▼▼▼

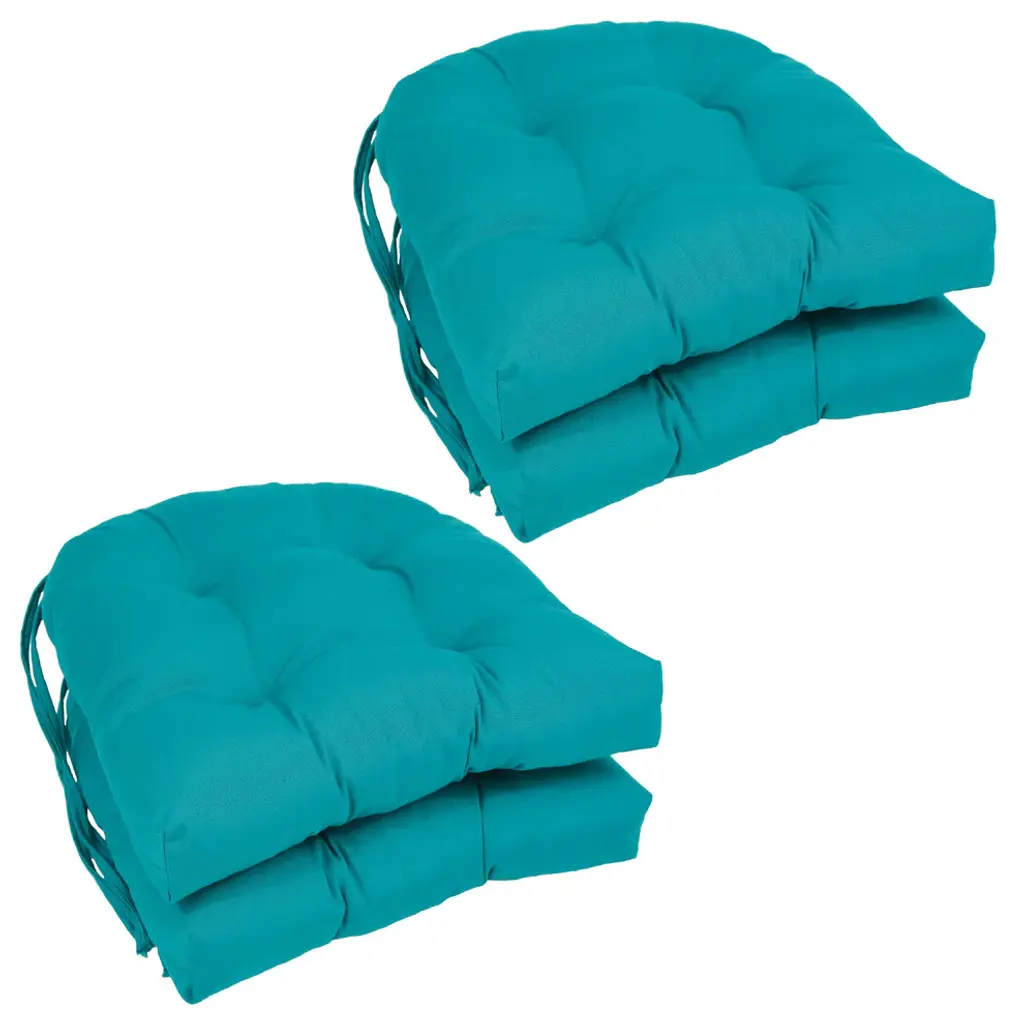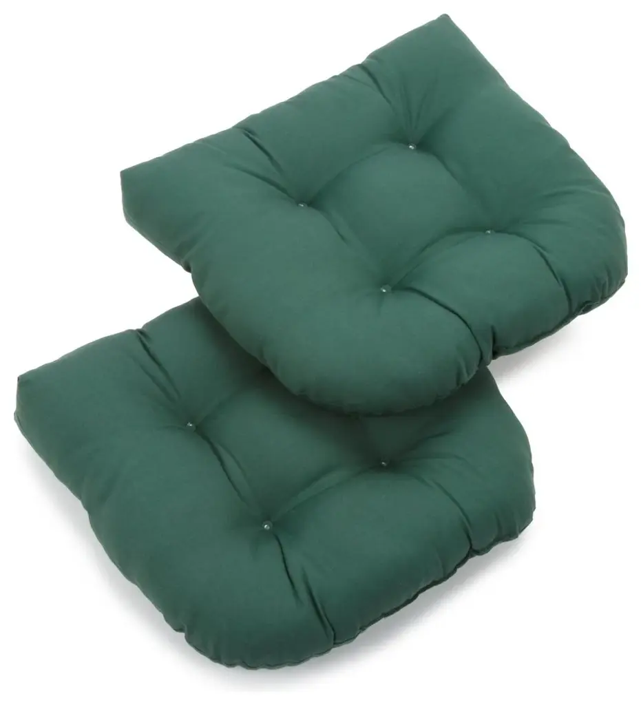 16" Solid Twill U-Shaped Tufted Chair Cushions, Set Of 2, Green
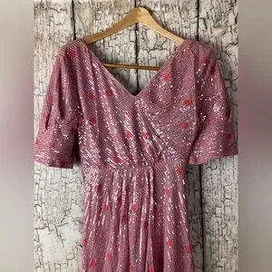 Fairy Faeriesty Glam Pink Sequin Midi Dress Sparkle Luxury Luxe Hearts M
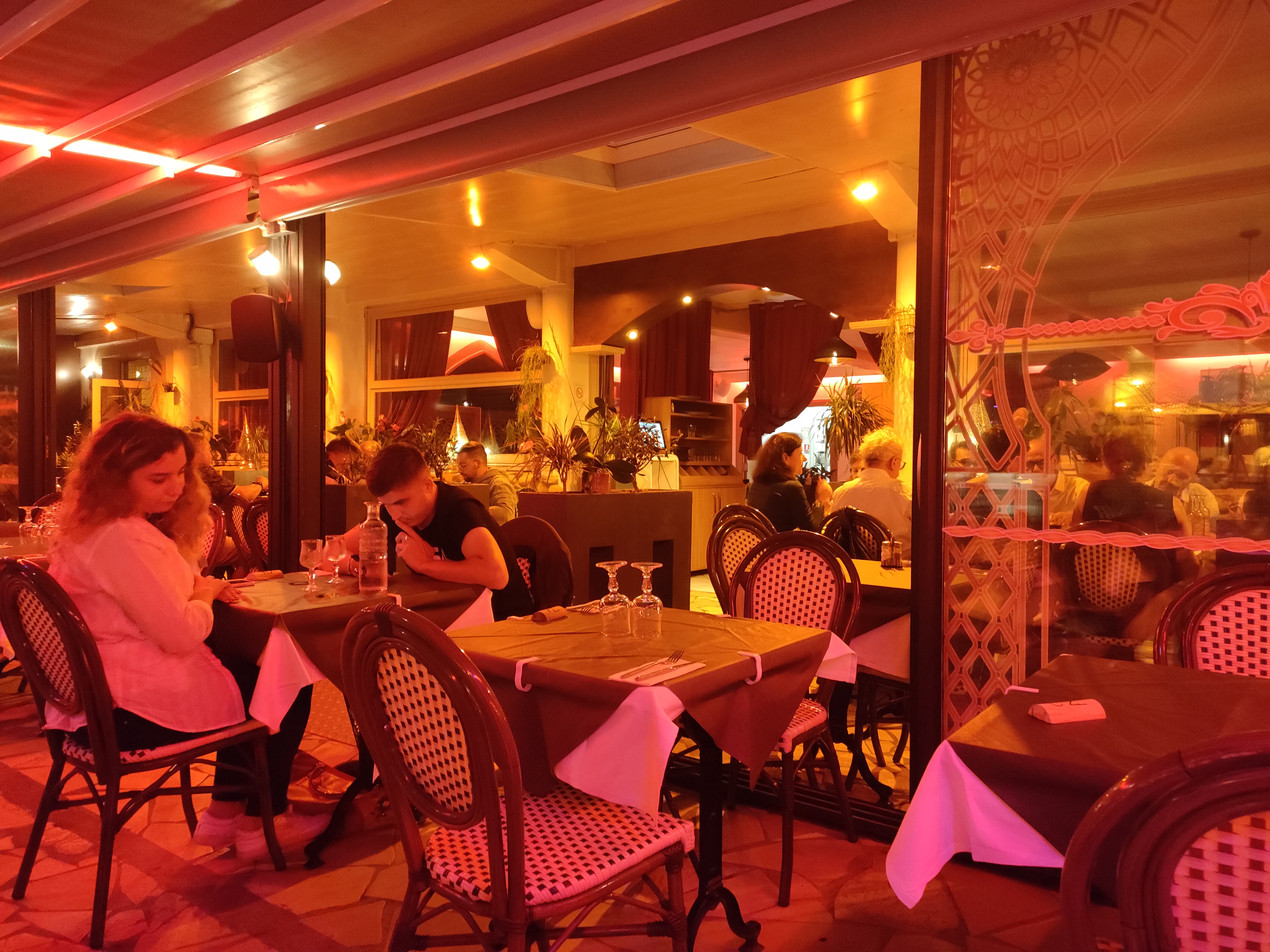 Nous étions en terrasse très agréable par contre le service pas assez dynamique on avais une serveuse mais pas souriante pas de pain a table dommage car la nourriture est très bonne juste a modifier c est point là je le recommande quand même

▲▲▲

Problem details:
Word for word, restate the lines from the line containing "Fairy Faeriesty Glam" through the end of the data, including the first and last of them. Pictures stay out.

Expected answer:
 Fairy Faeriesty Glam Pink Sequin Midi Dress Sparkle Luxury Luxe Hearts M
 Nous étions en terrasse très agréable par contre le service pas assez dynamique on avais une serveuse mais pas souriante pas de pain a table dommage car la nourriture est très bonne juste a modifier c est point là je le recommande quand même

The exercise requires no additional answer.